## What to do
All of the data that follows should be given again exactly, without its images.

## Recorded data
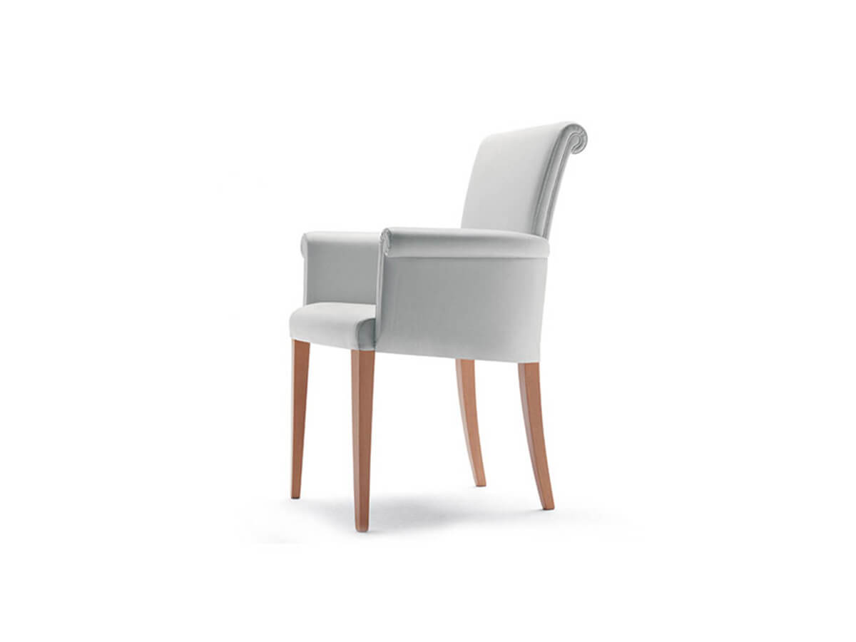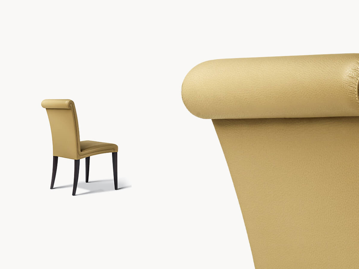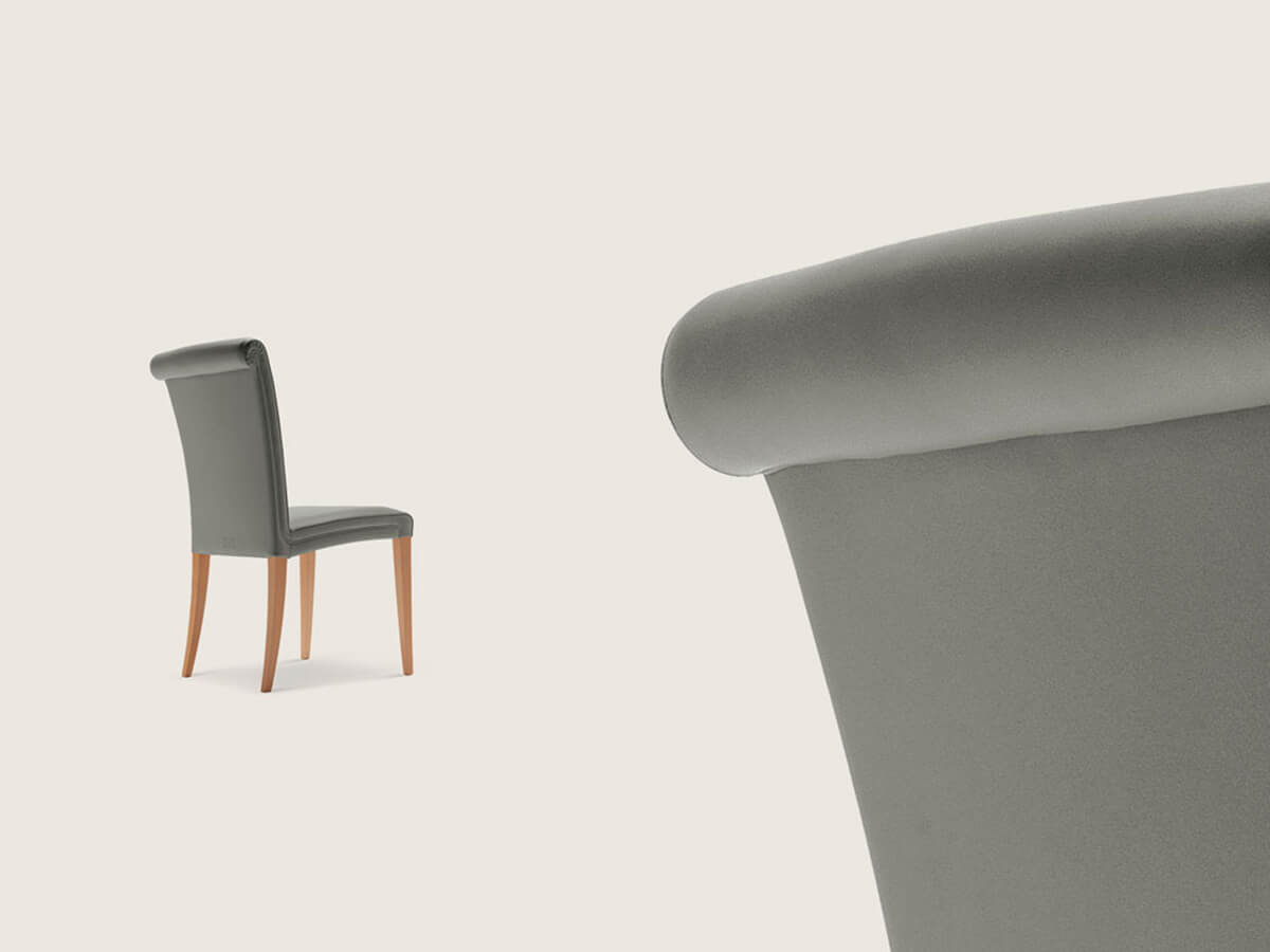 La sedia Vittoria si distingue dalla vasta gamma di proposte Frau per lo schienale che termina con una voluta aperta appena accennata e per il tradizionale rilievo di bordura a filetto. Questi elementi estetici non solo la rendono particolarmente elegante, ma arricchiscono la fisionomia di peculiarità alquanto preziose. Vittoria comprende due modelli: sedia e poltroncina, che riprende nei braccioli pieni il caratteristico disegno a voluta. In tutte le versioni si può notare la struttura in legno massello e gambe in frassino, sebbene siano presenti finiture speciali. I rivestimenti sono disponibili in diverse possibilità per meglio adattarsi a gusto e necessità d’arredo per lo spazio living e dining. *Caratteristiche tecniche: gambe disponibili anche in frassino tinto al campione oppure laccato Ral con sovrapprezzo.
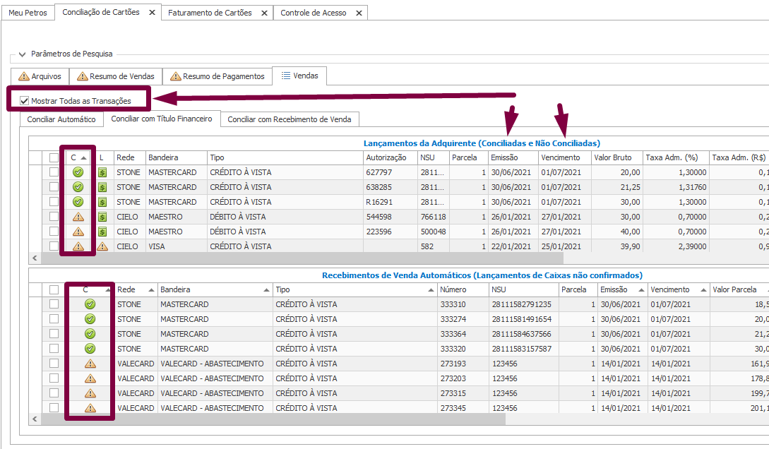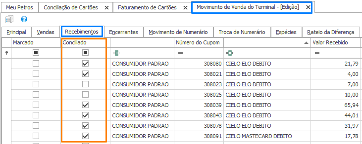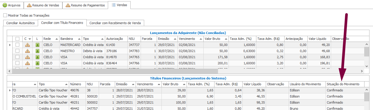 No movimento de venda a coluna Conciliado mostra se o cartão já foi conciliado ou não
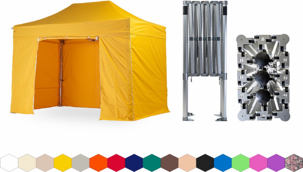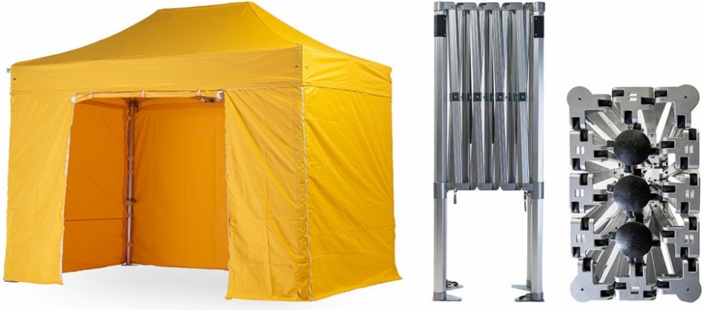 1x střecha + 4x boční plachta – 3x plná, 1x s dveřmi

## Solved problem
 La sedia Vittoria si distingue dalla vasta gamma di proposte Frau per lo schienale che termina con una voluta aperta appena accennata e per il tradizionale rilievo di bordura a filetto. Questi elementi estetici non solo la rendono particolarmente elegante, ma arricchiscono la fisionomia di peculiarità alquanto preziose. Vittoria comprende due modelli: sedia e poltroncina, che riprende nei braccioli pieni il caratteristico disegno a voluta. In tutte le versioni si può notare la struttura in legno massello e gambe in frassino, sebbene siano presenti finiture speciali. I rivestimenti sono disponibili in diverse possibilità per meglio adattarsi a gusto e necessità d’arredo per lo spazio living e dining. *Caratteristiche tecniche: gambe disponibili anche in frassino tinto al campione oppure laccato Ral con sovrapprezzo.
 No movimento de venda a coluna Conciliado mostra se o cartão já foi conciliado ou não
 1x střecha + 4x boční plachta – 3x plná, 1x s dveřmi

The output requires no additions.